Quick win: Run a pilot of a knowledge agent on a set of “Contracts” you migrate. Surface expiry dates in a dashboard that alerts contract owners 90 days before renewal.

Empower citizen developers—safely

Every optimization cycle should include low-code enablement, replacing spreadsheet-based “shadow processes” with governed Power Apps and Power Automate flows.

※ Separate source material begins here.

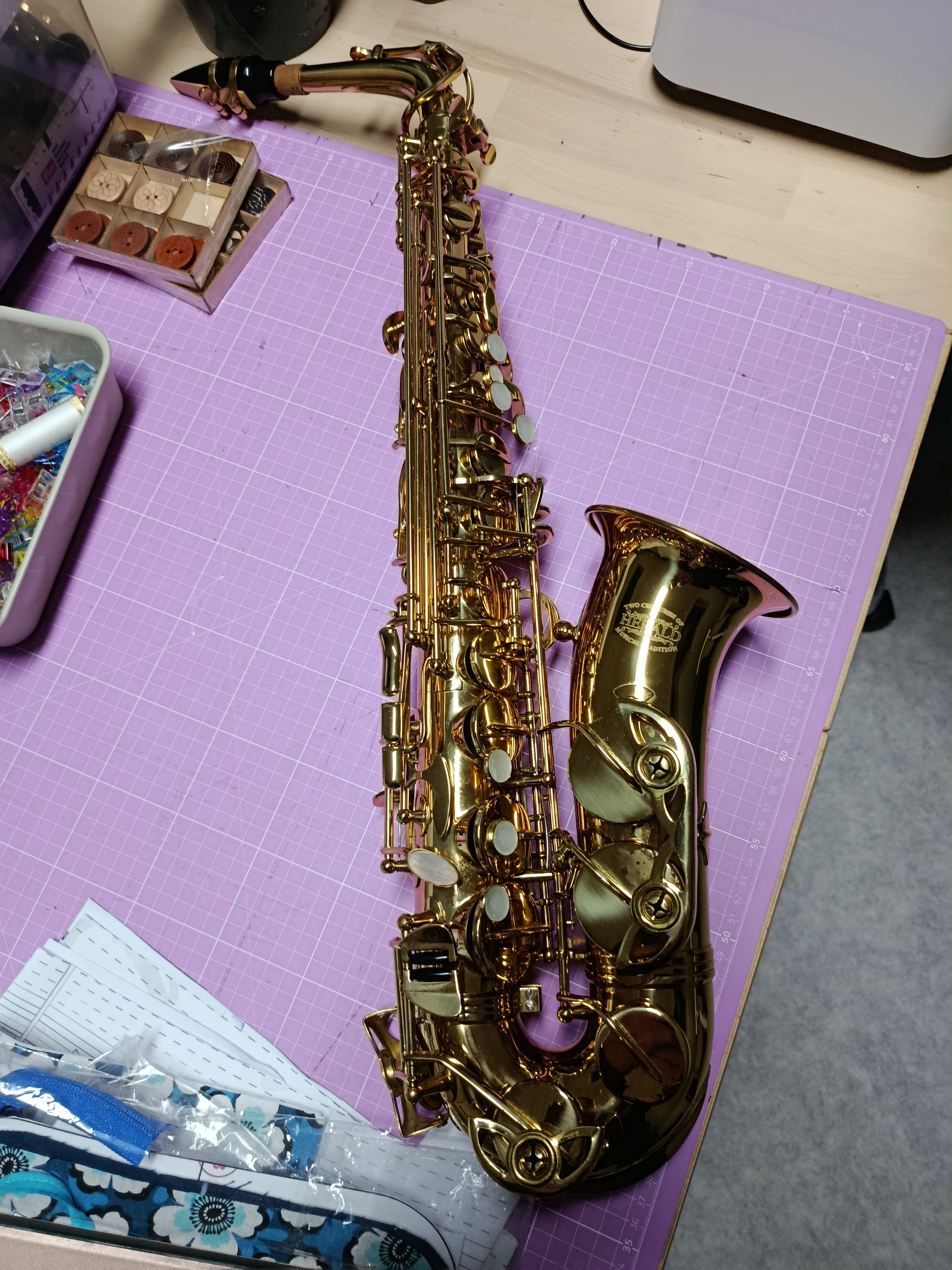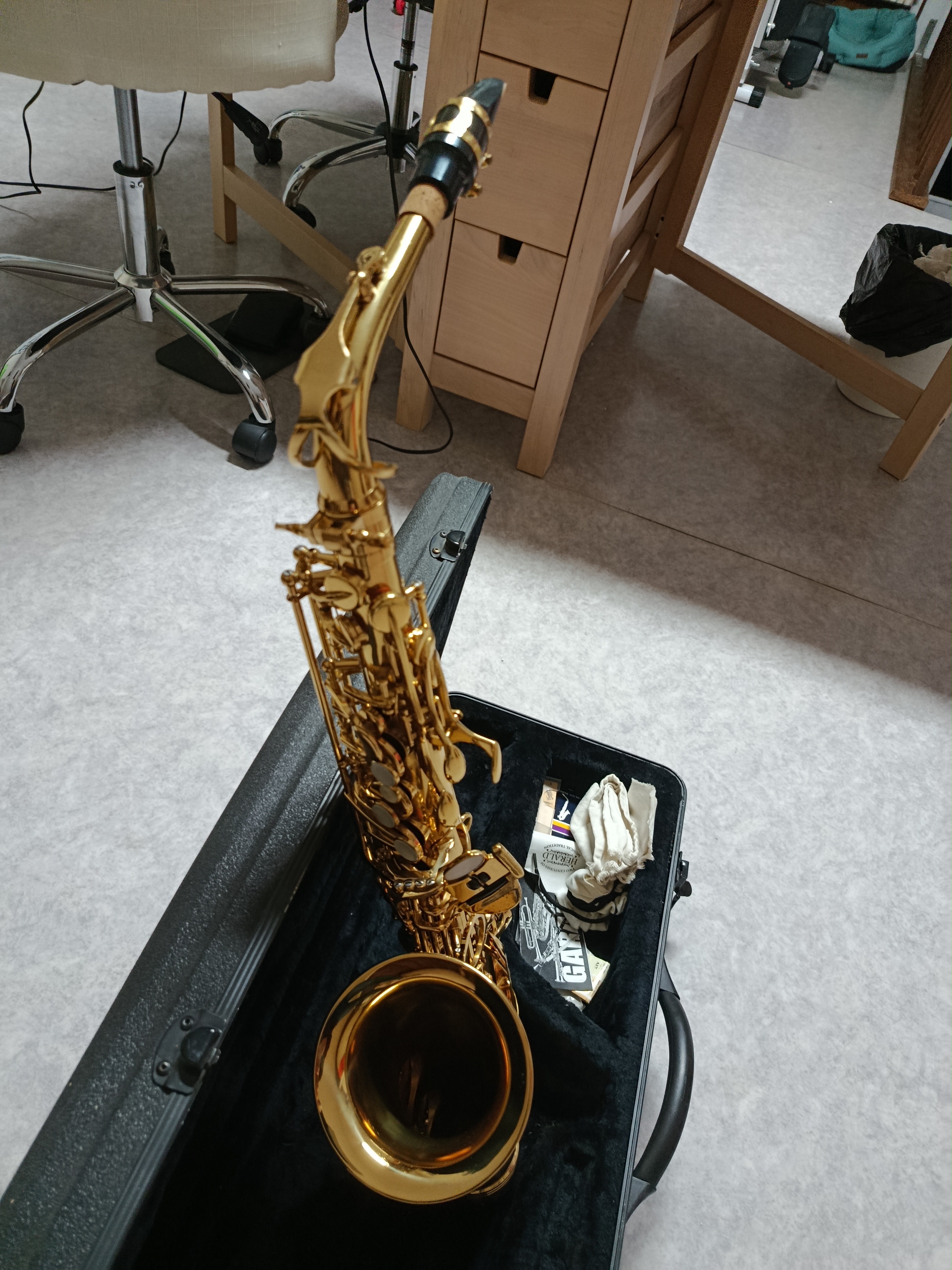 Saxophone Alto Herald, première main acheté neuf environs 800 €.Fonctionne parfaitement bien, les tampons sont correctes, dans son étuis rigide.

Start by installing the Power Platform Center of Excellence (CoE) Starter Kit to:

  • Monitor app usage
  • Identify orphaned flows
  • Spotlight champion creators

To jumpstart adoption, offer templated Power Apps that call SharePoint lists, like:

  • Site Issue Tracker
  • Equipment Checkout
  • Policy Acknowledgement

With new Copilot prompts, makers can now describe an app in natural language—automatically generating screens and data tables. Encourage business units to prototype with Copilot, then engage IT to produce the app and secure connectors.

Get more from your data

Modern search results improve automatically as content is enriched by AI and user interactions. Still, optimizers should:

  1. Curate verticals (custom result sets) for key entities such as Policies, Presentations, or Product Sheets.
  2. Enable graph connectors if critical knowledge lives outside Microsoft 365 (e.g., ServiceNow KB).
  3. Explore Microsoft Fabric’s data warehousing to combine SharePoint data with CRM or ERP data for unified knowledge analytics.

Change enablement and culture of experimentation

Successful optimization is 30% tech, 70% people. Build a lightweight adoption and change program if you don’t already have one, and make it part of the optimization track of your migration project:

Microsoft’s Adoption Hub offers ready-made templates and playbooks—adapt them to your brand and culture or leverage this practical guide to Microsoft 365 Copilot training development as a great starting point.

Every few months, revisit your roadmap against Microsoft’s public releases and roadmap IDs. Schedule bi-annual “innovation sprints” to:

  • evaluate new features in a sandbox environment
  • identify quick wins
  • plan secure rollouts
  • update governance templates
  • refresh training collateral

Make your migration the launchpad for continuous innovation

Optimization isn’t a final milestone. It’s an ever-cycling flywheel:

  1. Approach optimization like a service, and different from migration.
  2. Measure real-world usage and gaps.
  3. Automate & augment with Copilot, Content AI, and Power Platform.
  4. Enable people through champions, learning, and storytelling.
  5. Re-measure and start the next loop.

When optimization is executed well, SharePoint stops being “the place documents live” and becomes the platform where work happens, knowledge flows, and AI amplifies every role. Your migration investment pays dividends through continuous gains in productivity, compliance, and employee satisfaction—keeping you ahead in an AI-accelerated digital workplace.